Low, moder­ately low birth­weight rates increased 2014-2016 for all race, Hispanic-origin groups

THURSDAY, March 22, 2018 (HealthDay News) -- From 2014 to 2016 there was an increase in the singleton low birth­weight rate, which was mainly due to increases in the rate of moder­ately low birth­weight, according to a March data brief published by the U.S. Centers for Disease Control and Prevention's National Center for Health Statistics (NCHS).

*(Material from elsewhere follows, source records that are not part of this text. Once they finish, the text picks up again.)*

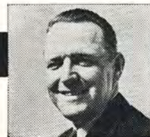
FATHER, AGED 43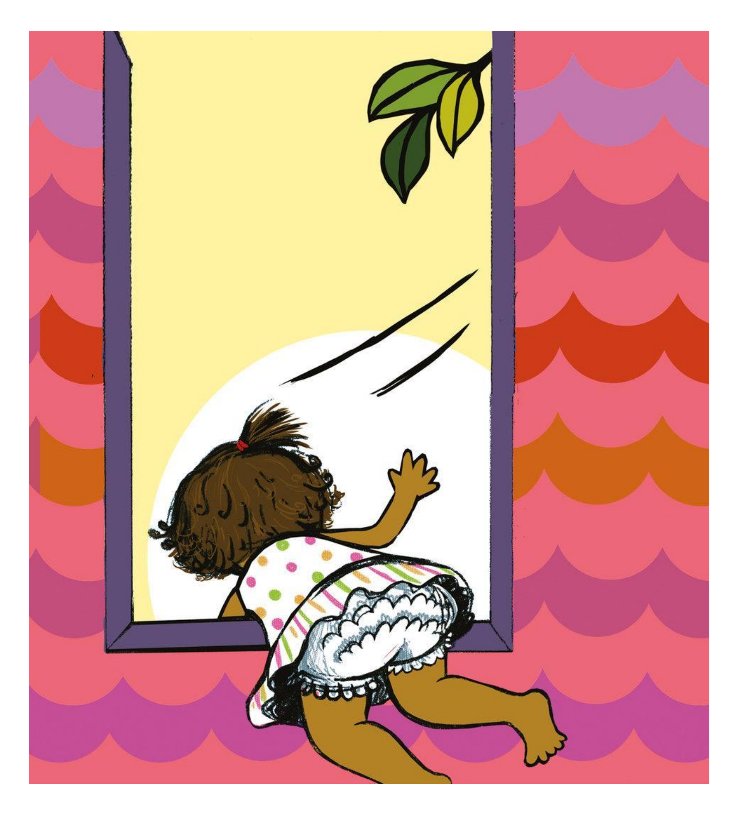
Bu quvnoq oyoqchalarni bir joyda ushlab turish qiyin,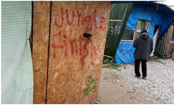
"Jungle Finish"

So, while authorities were celebrating the completion of the demolition, volunteers worked tirelessly amidst the chaos and confusion to provide the basic means of survival through the fence of the now cordoned-off zone, finding accommodation for children in a nearby warehouse and the still-standing Chemin de Dunes school. Volunteers also worked on salvaging any useful goods that could be sent to Greece to assist the crisis for displaced people there.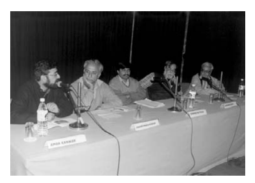
The panel discussion on 'Repression'.

January 23 focused on the issue of 'Hunger' through films questioning food safety and food security. The impact of the heavy use of pesticides on Indian agriculture, particularly on small farmers and the threat represented by biotechnologies, was one crucial theme. This included films such as 'Seeds of Plenty, Seeds of Sorrow', by

Lindsay S. Womack, Ph.D., from the NCHS in Hyattsville, Md., and colleagues used data from the National Vital Statistics System to examine singleton low birth­weight rates by race and Hispanic origin from 2006 to 2016.

The researchers found that the singleton low birth­weight (<2,500 g) rate declined from 2006 to 2014 (6.49 to 6.24 percent) and then increased in 2015 (6.34 percent) and 2016 (6.44 percent). The recent increase reflects an increase in the rate of moder­ately low birth­weight (1,500 to 2,499 g); during 2014 to 2016 the rate of very low birth­weight (<1,500 g) was stable. From 2014 to 2016, the low and moder­ately low birth­weight rates increased for each race and Hispanic-origin group. From 2006 to 2016, the rate of singleton low birth­weight was more than twice as high for non-Hispanic black versus non-Hispanic white infants.

"For each race and Hispanic-origin group, the increases in singleton low birth­weight were primarily driven by increases in MLBW moder­ately low birth­weight births," the authors write.